__DATA__:

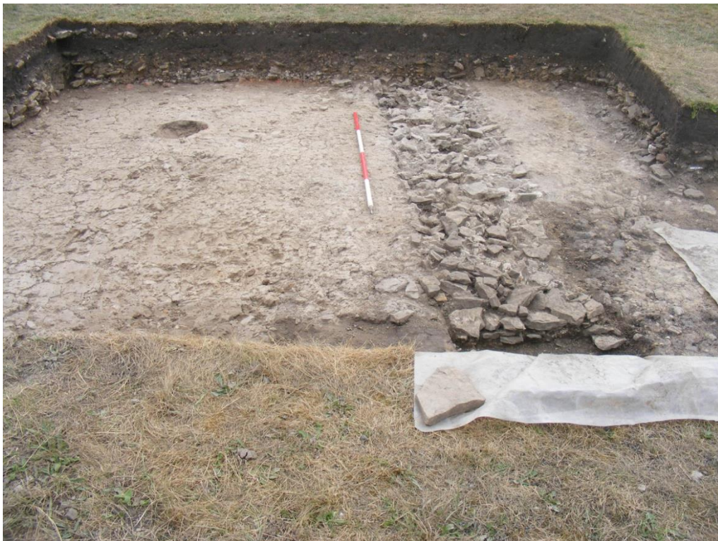
Plate 12. Trench 20 wall foundation trench 20019 (filled by 20018), facing south; the base of circular pit 20044 can be seen to the east.
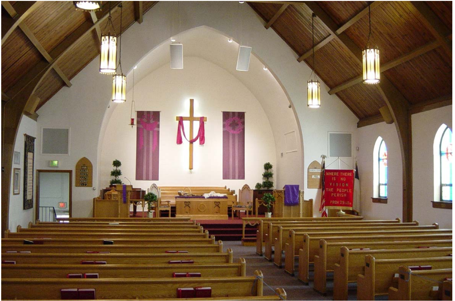
Our sanctuary in 2008

In 1991, chair lifts were installed to allow access to both the lower and upper levels of the building. The 1990's brought a new furnace and air conditioning, pew cushions, a new grand piano, and organ.

__INSTRUCTIONS TO FOLLOW__: Which lines run from the one containing "Our sanctuary in 2008" through the end of the material? Output them exactly.

__SOLUTION FOR THIS EXERCISE__:
Our sanctuary in 2008

In 1991, chair lifts were installed to allow access to both the lower and upper levels of the building. The 1990's brought a new furnace and air conditioning, pew cushions, a new grand piano, and organ.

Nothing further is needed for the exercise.